Now, however, there is air resistance pushing against the projectile as it moves through the air. Let us adopt the following rule for calculating the force of air resistance -- it's an approximation, but not a terrible one at moderate speeds.

```                                                    2
F(air)  =  C * (density) * (area) * (speed)

where

F(air)          is the force of air resistance (Newtons)

C               is the drag coeff, C = 1.0 for a smooth ball

density         is the density of the air at current altitude
(see below)

area            is the cross-section area of the projectile

speed           is the ball's current speed (meters/sec)

```

To be realistic, we must include the change of the density of air in the Earth's atmosphere with altitude. We don't ordinarily notice it, because the scale height of the change is much larger than the altitudes we typically cover in a short time. To a decent approximation, the density of air is

```			                                  (-height/8000 m)
rho(height)  =   (1.21 kg/m^3) * e
```

It might be very useful to write a very short Scilab function which calculates the density of air given a height above the ground.

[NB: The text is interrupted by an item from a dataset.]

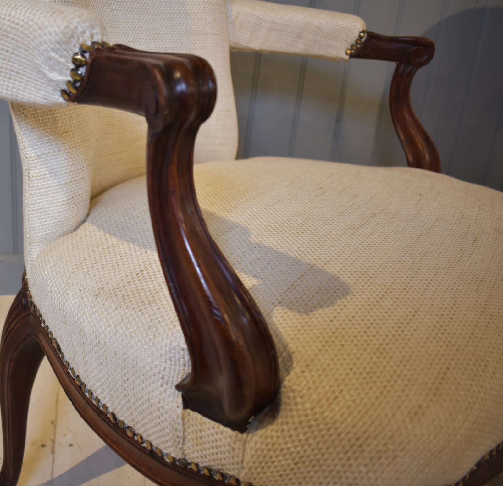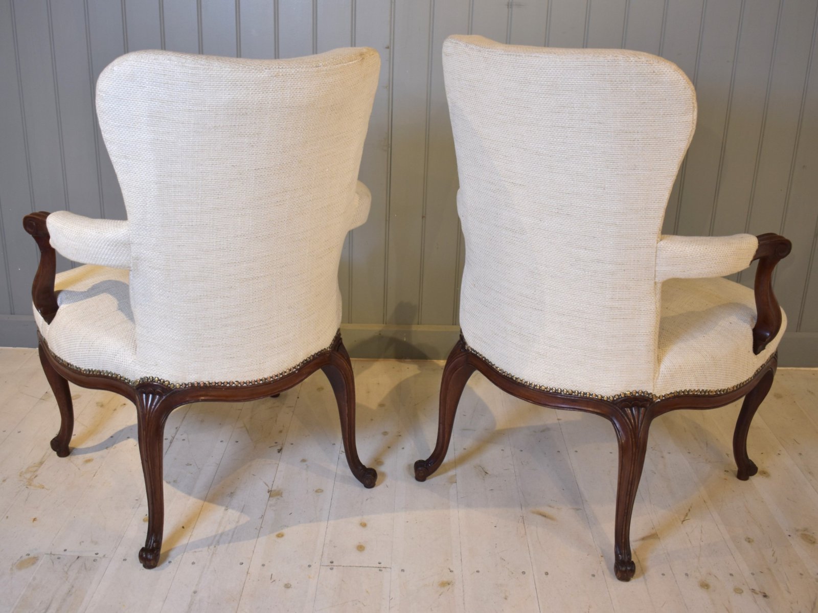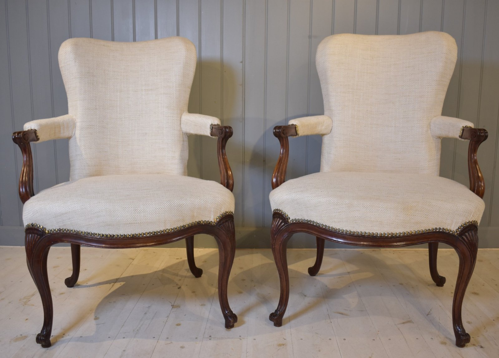 Fine pair of 18th century mahogany open armchairs in the French Hepplewhite style. A style defined by the beautiful scrolling arm and typical cabriole legs with shell carving on the knees. Although French in design, these chairs are quintessentially English. George Hepplewhite''s workshop was in London and his manual of furniture design was first published in 1788.

That might make your main program shorter and easier to understand, since some of the details would be "hidden" in the other function.

Tabulate the following properties for each choice of timestep: t = 0.01, 0.005, 0.0025, 0.00125 seconds.

• peak height of the trajectory
• time when the projectile hits the ground
• velocity when the projectile hits the ground

This time, we don't know (well, I don't know, anyway) the true velocity when the projectile hits the ground, so we can't easily figure out if our results are correct, or how incorrect they might be. Again, use both Euler's method and Heun's method. Does either method appear to converge as the timestep decreases? Be quantitative.

Bells and Whistles

1. Case C: changing gravitational forces AND air resistance. Once again, for each choice of timestep t = 0.01, 0.005, 0.0025, 0.00125 seconds, compute the peak height, total time in the air, and final velocity. Use Heun's method only.
2. In Jules Verne's book All Around the Moon, the sequel to From the Earth to the Moon, three travellers inside the projectile (!) discover that air resistance has reduced their original velocity by a certain round factor; that is, they have lost 1/N of their initial velocity by the time they leave the atmosphere. What is that factor? Perhaps it would help to scan chapters II or IV of the book ( which you can find on Project Gutenberg, if you don't have a copy). How does it compare to the effect of air resistance in your calculations? Make the rough approximation that all the air in the Earth's atmosphere lies less than 25 km from the surface.